China’s GDP grew 7.4% in 2014, slowest in 24 years
January 26, 2015 Category Macro-economy, Weekly
China’s economy expanded 7.4% from a year earlier in 2014, the slowest pace in 24 years as the country’s growth has entered a phase of “new normal,” the National Bureau of Statistics (NBS) said. However, analysts said the fourth-quarter performance turned out to be better than expected, and they expected growth to be at a stable level in the coming months. China’s gross domestic product amounted to CNY63.6 trillion last year, strengthening its position as the world’s second-largest economy. Growth was led by the service sector, which gained 8.1% to CNY30.7 trillion. Manufacturing added 7.3% to 27.1 trillion, while agriculture rose 4.1% to CNY5.8 trillion. The economy grew 7.3% in the fourth and third quarters, after a rise of 7.5% in the second and 7.4% in the first. “The rate of 7.4% is hard earned and is within a reasonable range. The growth target also needs to be adapted to the new normal when the country is changing growth gears,” NBS Director Ma Jiantang said. He added that growth was accompanied by an inflation rate of 2% last year and stable employment. In 2014, China created 13.22 million new jobs, surpassing the full-year target of 10 million and taking the working population to 772 million, 2.76 million more than in 2013. Fixed-asset investment (FAI) grew 15.7% to 50.2 trillion in 2014, and retail sales accelerated 12% to CNY26.2 trillion last year with online spending surging 49.7% to CNY2.7 trillion. Chinese authorities are expected to set a growth rate of around 7% for 2015, the Shanghai Daily reports.

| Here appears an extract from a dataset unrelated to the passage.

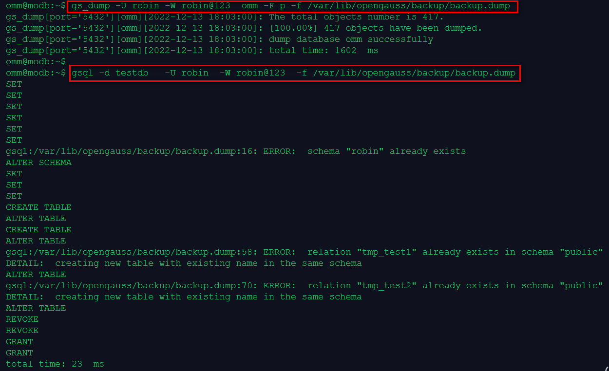 gsql -d testdb -U robin -W robin@123 -f /var/lib/opengauss/backup/backup.dump
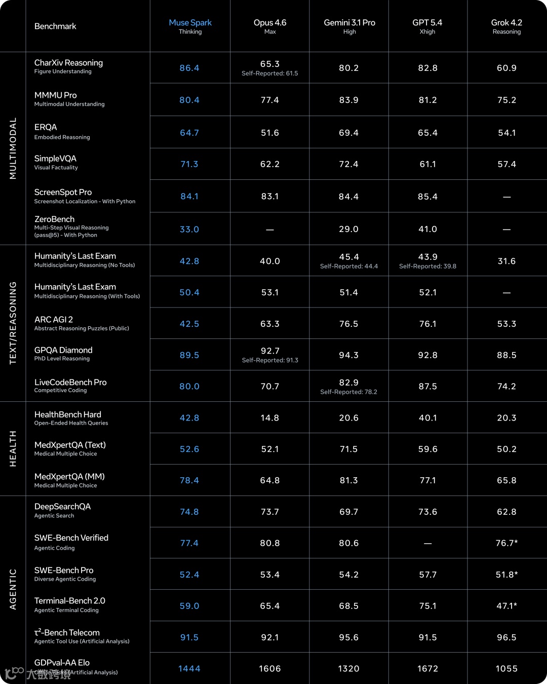 Muse Spark在多模态感知、推理、医疗任务及各类agent任务上表现卓越。Meta同时推出Contemplating(深度思考)模式,可调度多个agent并行推理,在推理能力上达到行业领先水平。

China’s consumption is on track to replace investment as the main engine of economic growth, making a long-promised rebalancing of the economy a reality. Dubbed the “third engine” of the economy, consumption contributed 51.2% to gross domestic product (GDP) growth in 2014, up from 48.2% a year ago. “China’s consumption on average is expected to outpace investment and GDP with a growth of 7% to 8% in real terms in the next few years,” Wang Tao, Chief China Economist at UBS told the South China Morning Post. Total retail sales were CNY26.2 trillion in 2014, up 11.9% in nominal terms. Car sales were up 6.1% year-on-year from 2% previously and purchases of household appliances accelerated by 12.6% in December versus a year ago. Debt and deflation are the two biggest risks facing the Chinese economy and may take years to resolve as a slowdown looms, according to Peking University Professor Michael Pettis. Yu Yongding, Professor at the Chinese Academy of Social Sciences (CASS) thinks it could take five years to eliminate the economy’s excess capacity.